Problem details
Set down again each entry exactly as it reads, pictures excluded.

Supplied information

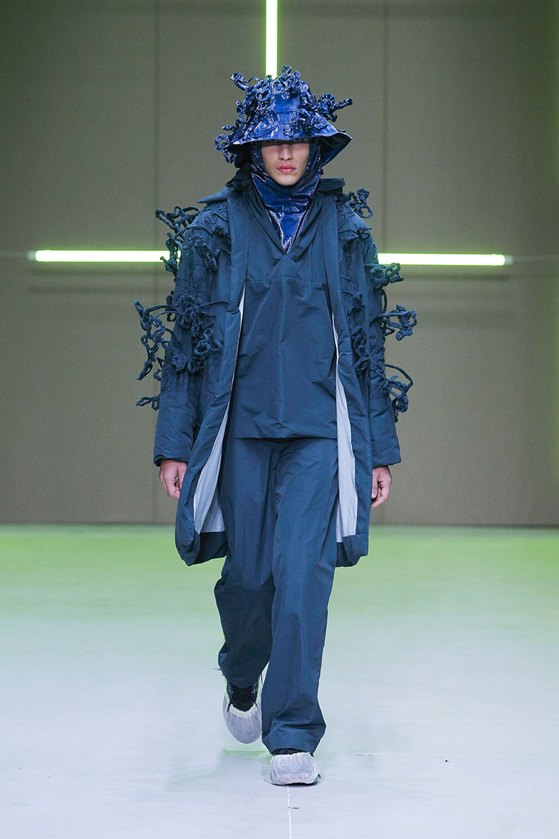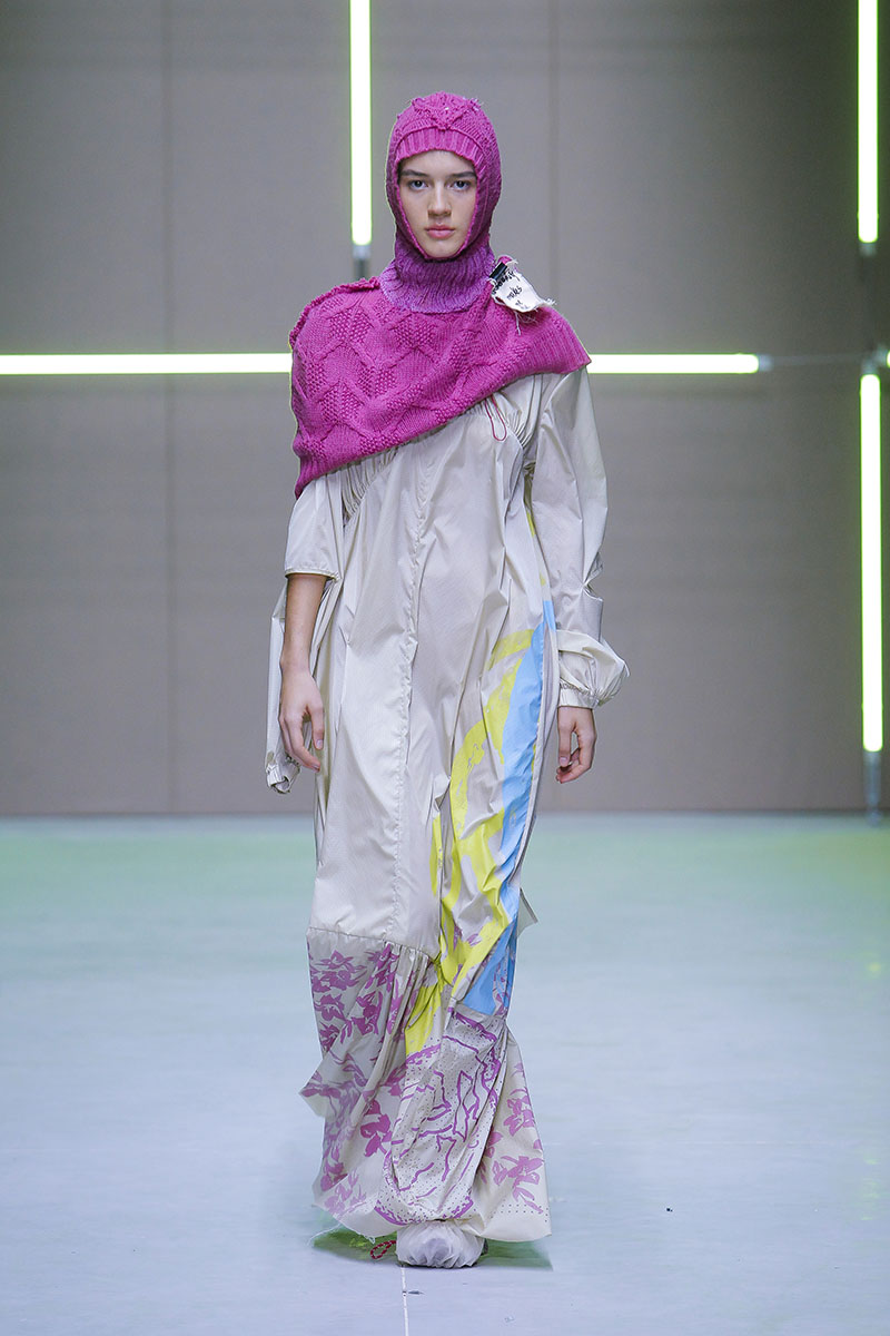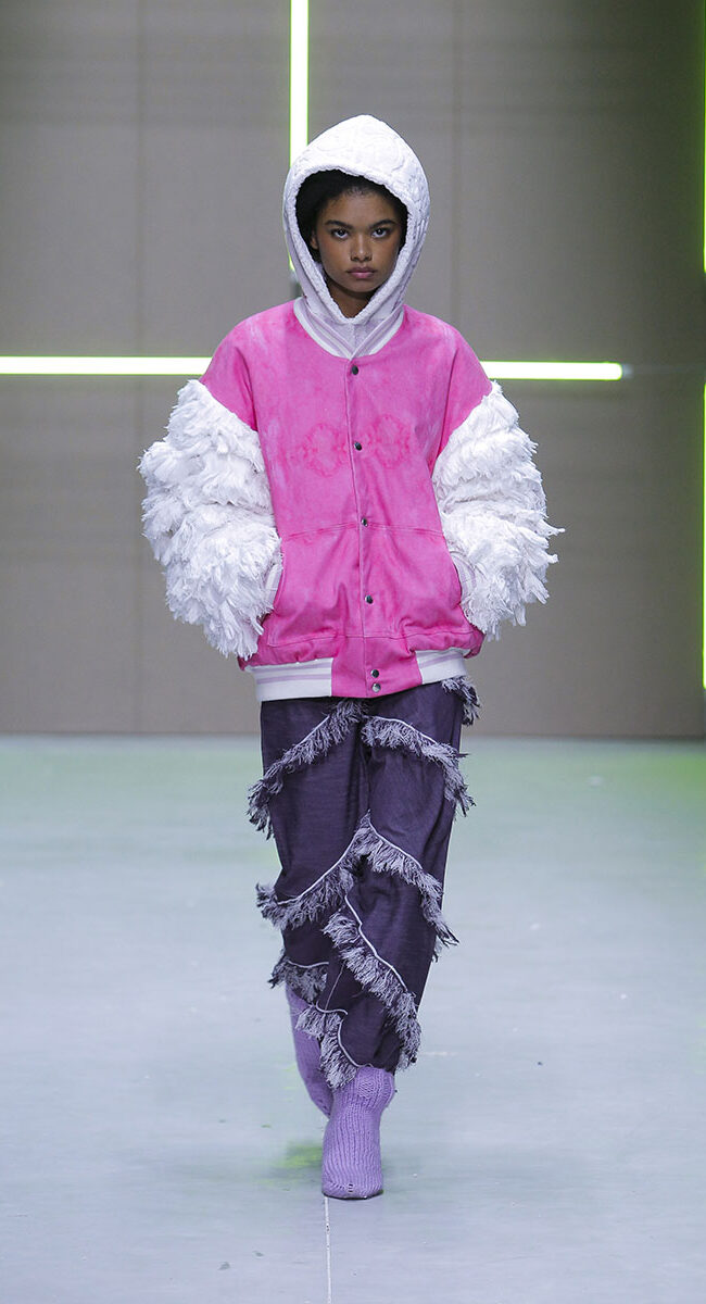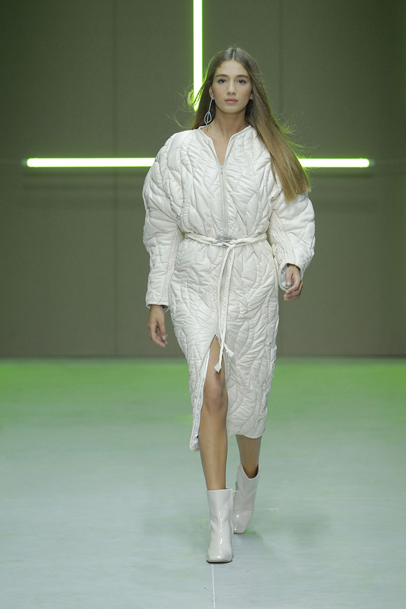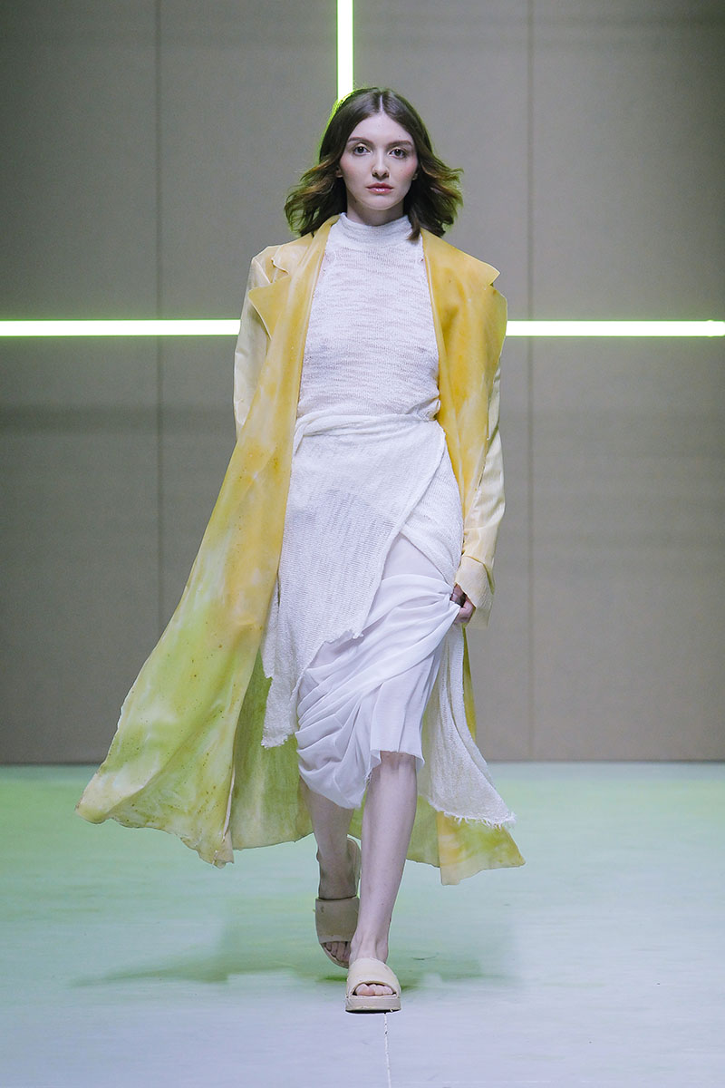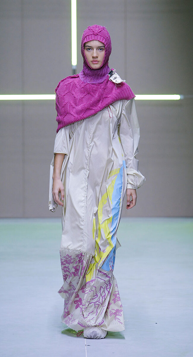 A través de sus diseños muestra cómo serían los uniformes de un “nuevo mundo” sin civilización, con calles llenas de ruinas y basura. Darya visualiza cómo la ropa vuelve a su función original de proteger y calentar. Las voluminosas y complejas piezas que presenta una de las cinco finalistas de Sangue Novo ModaLisboa SS23 se construyen a través de retales rescatados, mantas, cortinas y toallas. Es hora de abrazar el nuevo mundo.
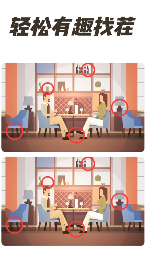 6、发挥你犀利的目光,发现隐藏的不同,逐个击破难题,轻松掌握游戏技巧。
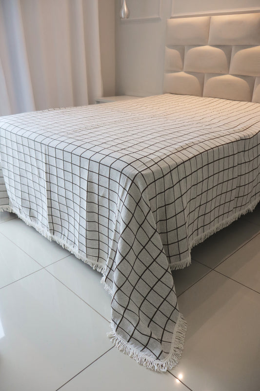 Colcha Casal Grid Dupla Face Preta 2,10x2,40m
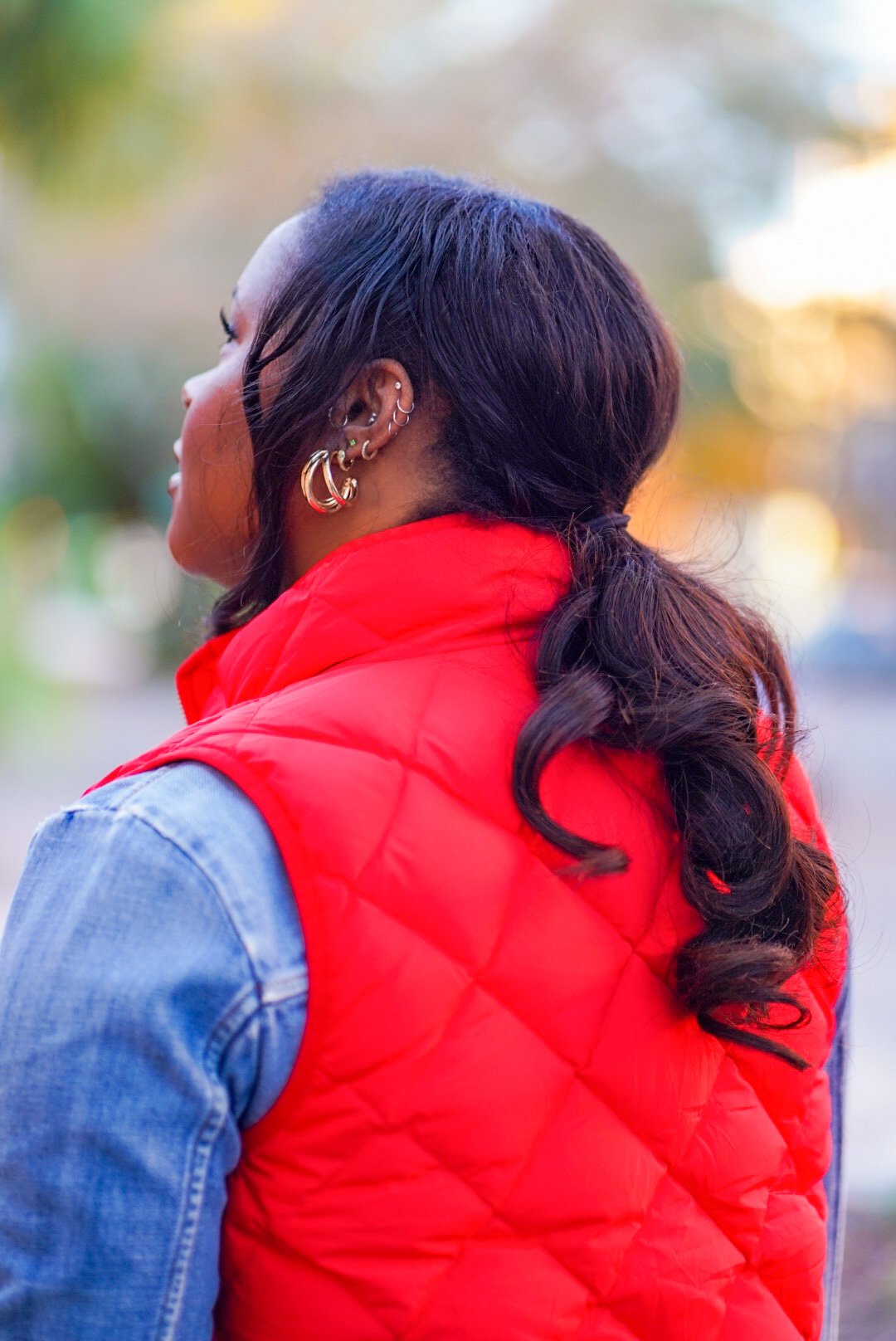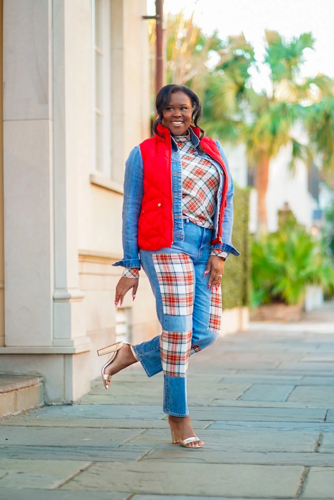 For the past few years, almost every holiday season I have done a J. Crew tartan look. I am a fan of J. Crew all the time, however, when they release their holiday tartan, I splurge and this year was no different. The first piece that caught my eye were these jeans. Surprisingly, I have never owned a pair of denim from J. Crew, I tried before but I don’t really like the fit, or the cost. When I saw the patchwork tartan pattern, I couldn't pass them up...plus they were on sale. I ended up having to order two sizes because the first pair was way too big. I sized down and they fit, but these jeans have no stretch to them at all. I paired them with the matching tissue turtleneck in the same print (also purchased at the same time and on sale), my favorite J. Crew denim jacket and J. Crew puffer vest.
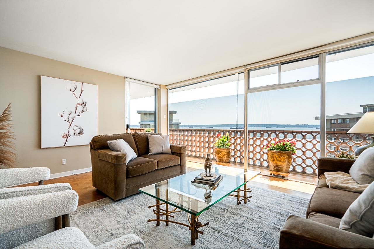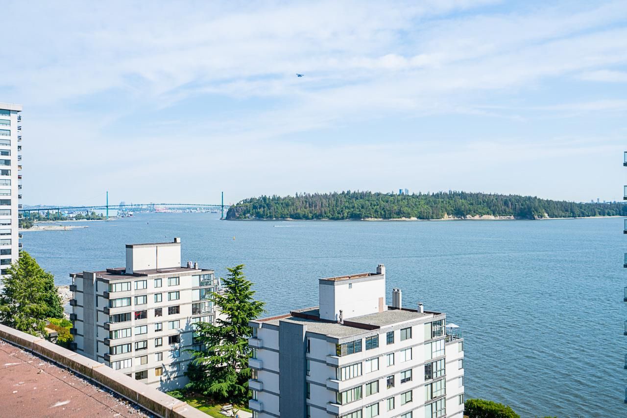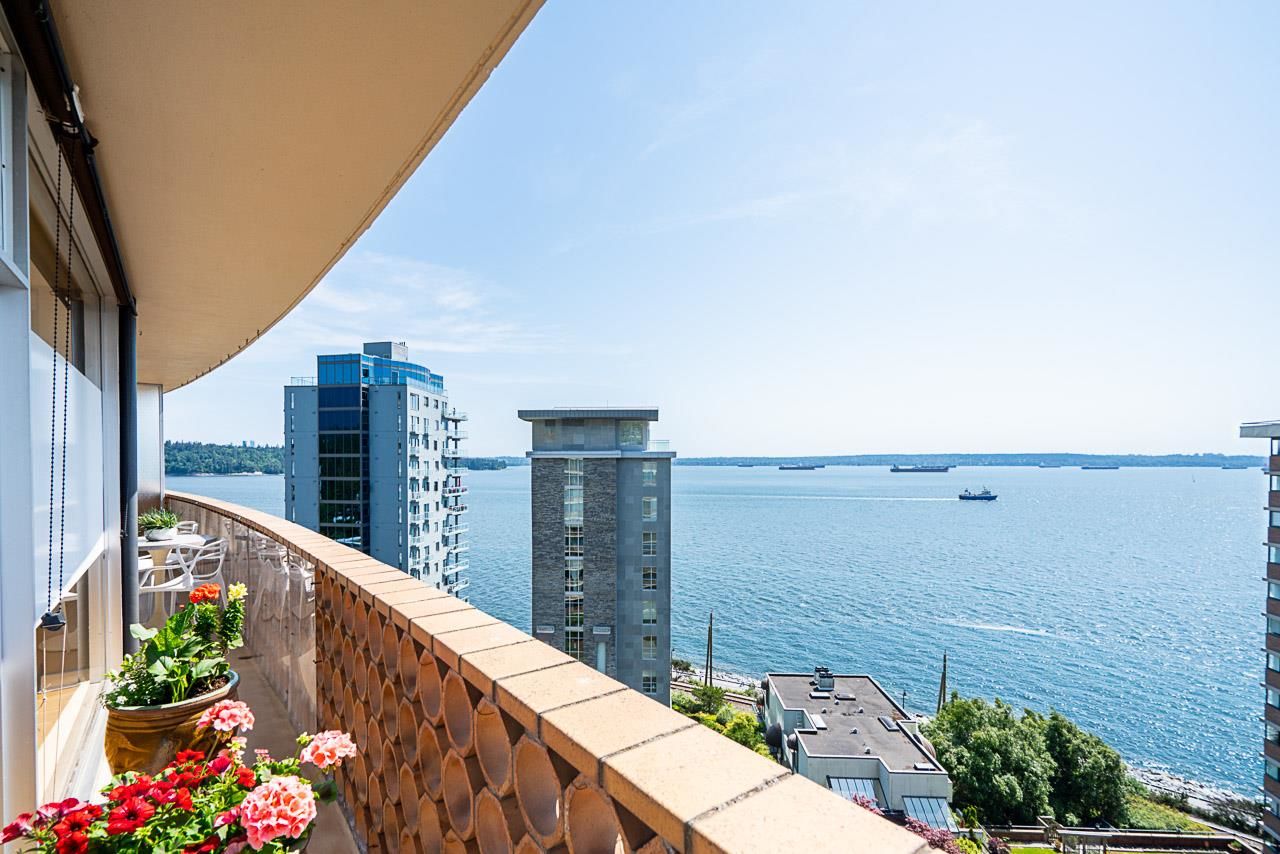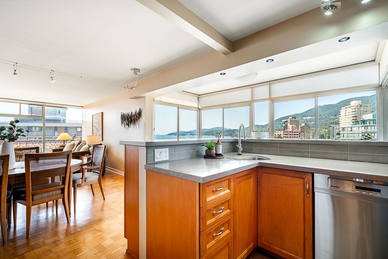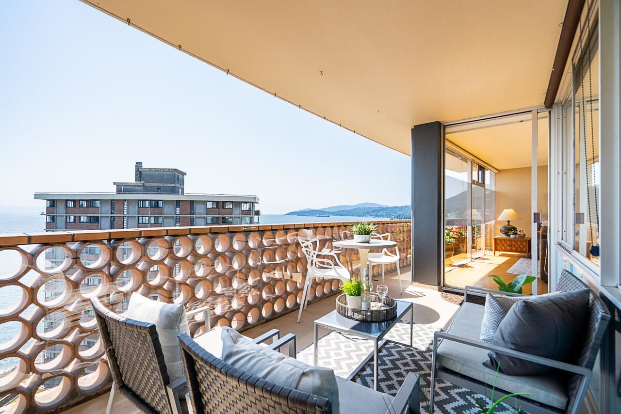 Welcome to the iconic Crescent building and the south west corner Penthouse. Spacious 2 bedrooms, 2 bathrooms, over 1500 SF well maintained suite, with spectacular views and sunsets! Enjoy outside entertaining on your south facing balcony. Features include an updated, open kitchen with stainless steel appliances, Corian counters, large house sized rooms, plenty of storage and in-suite laundry. Both bedrooms offer beautiful views and ensuite bathrooms. The Crescent is located on prestigious Argyle Avenue in a prime Dundarave location, steps to the Seawall, recreation centres, shopping and all amenities. Enjoy the cruise ships go by. This is the perfect lifestyle!
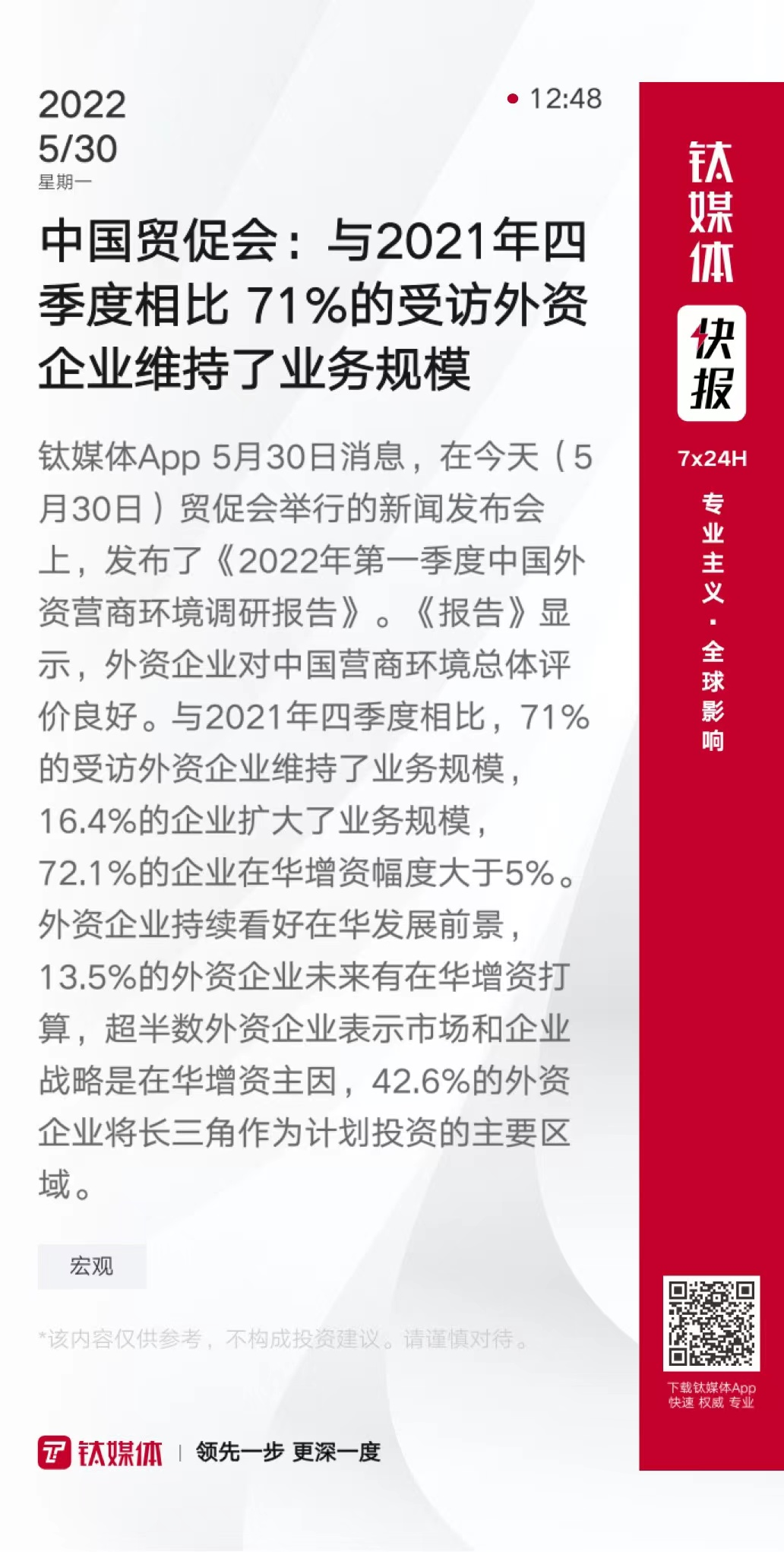 中国贸促会:与2021年四季度相比 71%的受访外资企业维持了业务规模
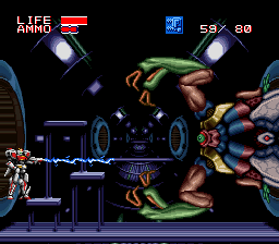 Built on 16-bit hardware, Xardion’s visuals remain impressive years later, boasting richly detailed sprites against multi-layered backgrounds. Triton’s metallic armor gleams under atmospheric lighting, Panthera’s fur is rendered with surprising texture, and Alcedes’ segmented exoskeleton stands out in bold red hues. Each planet environment—icy tundra, desert wasteland, and biomechanical fortress—features its own palette and thematic elements, giving the world palpable variety.
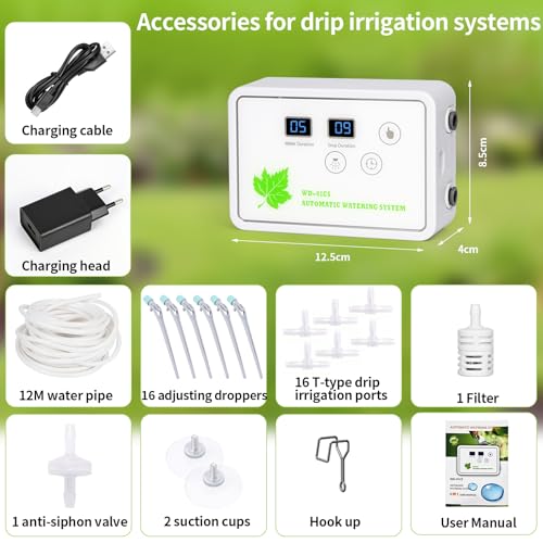 🔌 Alimentation USB-C – Fiable et économe en énergie. Ce système d’arrosage automatique est alimenté exclusivement par câble USB-C. Pas besoin de changer les piles – il suffit de le brancher sur une banque d’alimentation, un adaptateur ou une prise électrique pour profiter d’un arrosage sans interruption.
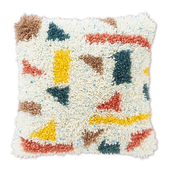 詳しい使い方と、ラグ・タペストリー・クッションカバー・コースターの説明書つきです。毛糸を均等な長さにカットできるヤーンゲージもセットで。
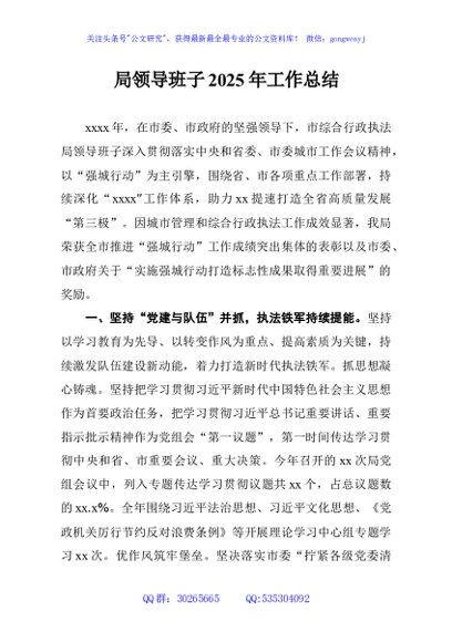 未生成预览图,长按二维码添加 局领导班子2025年工作总结 - 公文研究

Solution to the exercise
 A través de sus diseños muestra cómo serían los uniformes de un “nuevo mundo” sin civilización, con calles llenas de ruinas y basura. Darya visualiza cómo la ropa vuelve a su función original de proteger y calentar. Las voluminosas y complejas piezas que presenta una de las cinco finalistas de Sangue Novo ModaLisboa SS23 se construyen a través de retales rescatados, mantas, cortinas y toallas. Es hora de abrazar el nuevo mundo.
 6、发挥你犀利的目光,发现隐藏的不同,逐个击破难题,轻松掌握游戏技巧。
 Colcha Casal Grid Dupla Face Preta 2,10x2,40m
 For the past few years, almost every holiday season I have done a J. Crew tartan look. I am a fan of J. Crew all the time, however, when they release their holiday tartan, I splurge and this year was no different. The first piece that caught my eye were these jeans. Surprisingly, I have never owned a pair of denim from J. Crew, I tried before but I don’t really like the fit, or the cost. When I saw the patchwork tartan pattern, I couldn't pass them up...plus they were on sale. I ended up having to order two sizes because the first pair was way too big. I sized down and they fit, but these jeans have no stretch to them at all. I paired them with the matching tissue turtleneck in the same print (also purchased at the same time and on sale), my favorite J. Crew denim jacket and J. Crew puffer vest.
 Welcome to the iconic Crescent building and the south west corner Penthouse. Spacious 2 bedrooms, 2 bathrooms, over 1500 SF well maintained suite, with spectacular views and sunsets! Enjoy outside entertaining on your south facing balcony. Features include an updated, open kitchen with stainless steel appliances, Corian counters, large house sized rooms, plenty of storage and in-suite laundry. Both bedrooms offer beautiful views and ensuite bathrooms. The Crescent is located on prestigious Argyle Avenue in a prime Dundarave location, steps to the Seawall, recreation centres, shopping and all amenities. Enjoy the cruise ships go by. This is the perfect lifestyle!
 中国贸促会:与2021年四季度相比 71%的受访外资企业维持了业务规模
 Built on 16-bit hardware, Xardion’s visuals remain impressive years later, boasting richly detailed sprites against multi-layered backgrounds. Triton’s metallic armor gleams under atmospheric lighting, Panthera’s fur is rendered with surprising texture, and Alcedes’ segmented exoskeleton stands out in bold red hues. Each planet environment—icy tundra, desert wasteland, and biomechanical fortress—features its own palette and thematic elements, giving the world palpable variety.
 🔌 Alimentation USB-C – Fiable et économe en énergie. Ce système d’arrosage automatique est alimenté exclusivement par câble USB-C. Pas besoin de changer les piles – il suffit de le brancher sur une banque d’alimentation, un adaptateur ou une prise électrique pour profiter d’un arrosage sans interruption.
 詳しい使い方と、ラグ・タペストリー・クッションカバー・コースターの説明書つきです。毛糸を均等な長さにカットできるヤーンゲージもセットで。
 未生成预览图,长按二维码添加 局领导班子2025年工作总结 - 公文研究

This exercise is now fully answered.